When I see your face
There’s not a thing that I would change
Cause you’re amazing
Just the way you are
And when you smile,
The whole world stops and stares for a while
Cause girl you’re amazing
Just the way you are

   
     Jeszcze nie zdążyłam go poznać, a już pod wieloma względami przypominał mi Federico. Śpiewając nie tracił nawet na chwilę tego błysku w oczach, przy czym natychmiast zwracał na siebie uwagę wszystkich dziewczyn. Wróciłam na swoje miejsce na twardej ziemi bliżej przyrzecznych krzaków. Klapnęłam na niebieskim kocyku w pasy, który Olga wyciągnęła mi skądś w ostatniej chwili, między Francescą a Leónem. Otuliłam się szczelniej cienkim sweterkiem, żałując, że nie wzięłam czegoś grubszego i wyciągając dłonie do gorącego centrum tego niewielkiego zgromadzenia. Zerknęłam na blondyna z pewnym zaciekawieniem.

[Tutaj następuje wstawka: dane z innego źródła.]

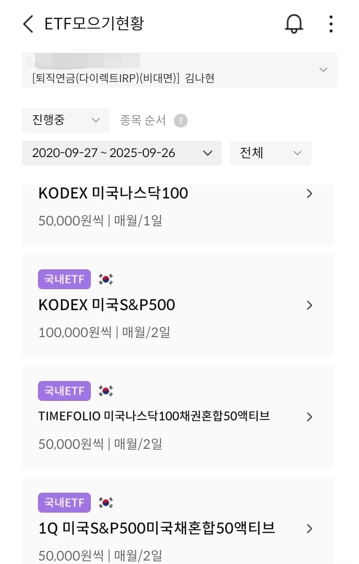 #4 종목당 모으는 금액을 설정한 기준은, 비슷비슷한 비율로 나누고, 연금저축의 경우에는 600만 원을 12개월로 나누어 매달 50만 원 ETF 모으기를 했고, IRP의 경우에는 300만 원을 12개월로 나누어 매달 15만 원씩 ETF 모으기를 신청해 두었다.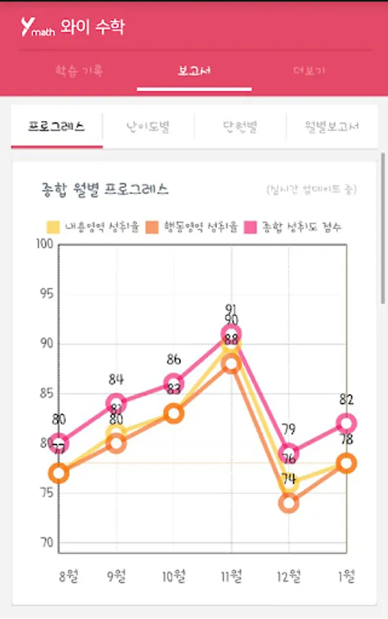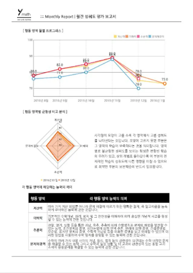 우리 아이가 한 달간 와이수학에서 무엇을 공부했고, 어느 유형이 취약한지, 향후 중점 보완해야 할 곳은 어디인지 등을 담은 종합 학습 보고서를 편하게 받아보세요.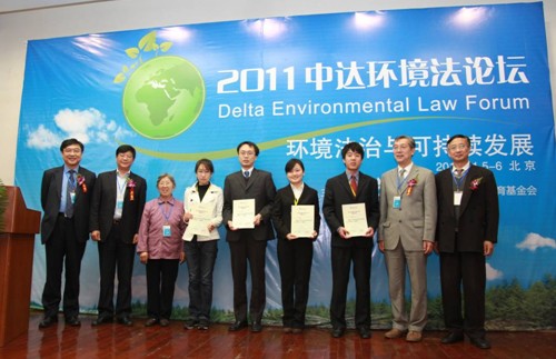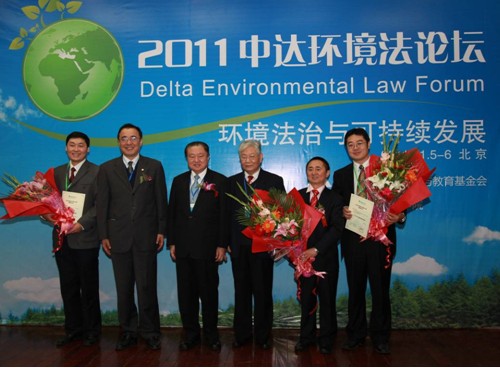 郑崇华董事长(左三)、清华大学谢维和副校长(左二)、中国社科院马骧聪教授(右三)分别为“2011年中达环境法学者”中国政法大学王灿发教授(右二),及二位“2011年中达环境法青年学者奖”获得者武汉大学秦天宝教授(右一)、清华大学邓海峰副教授(左一)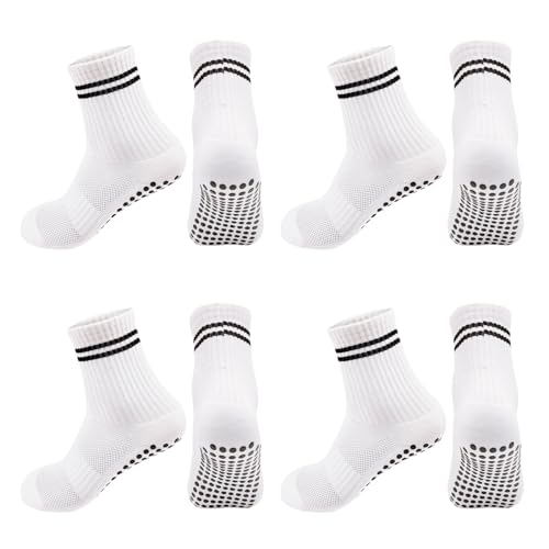 EUPSIIU 4 par fotbollsstrumpor för barn halkfria fotbollsstrumpor för pojkar och flickor, halkfria sportstrumpor för fotboll, träningsstrumpor med gummikuddar för basket, rugby, tennis, löpning, Vitt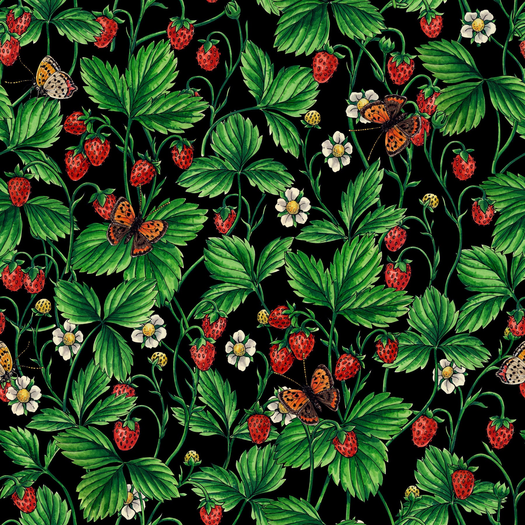 A peaceful flower and butterfly design mural on decorative wallpaper.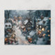 Niedliches Dorf mit Holzhäusern im Winter. Weihnachtskonzept.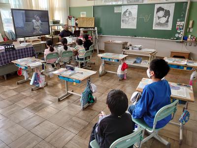 3・4年生は道徳。ビデオ教材を見て考えています。

Na pewno nie widziałam go wcześniej w mieście.

      -Nie znam go.- rzuciłam do Leóna tonem skrywającym pytanie, wyraźnie wyrywając go z jakiegoś zamyślenia, bo wpatrywał się nieobecny gdzieś ponad głowami reszty.

     Rzucił mi szybkie spojrzenie, którego nie zrozumiałam, jakby zdezorientowane.

     - Ten typ co gra? Po prawdzie, nie mam pojęcia - podrapał się w kark, jakby wracał myślami do siebie z dalekiej podróży. Zastanowiłam się, co tak szybko i skutecznie wprowadziło go w zadumanie, no i dlaczego odpowiedział na niezadane pytanie, jakby nie usłyszał, co mówiłam.

   Wpadłam na pomysł i wstałam, rzucił mi pytające spojrzenie widząc że gdzieś się wybieram, ale za moment i tak miał się przecież dowiedzieć. Podeszłam do chudego, wysokiego blondyna, który właśnie skończył ostatni refren i kucnęłam obok. Oczy barwy lila spojrzały wyczekująco.

      -Violetta- oznajmiłam, uśmiechając się najuprzejmiej jak mogłam, wyciągnęłam dłoń.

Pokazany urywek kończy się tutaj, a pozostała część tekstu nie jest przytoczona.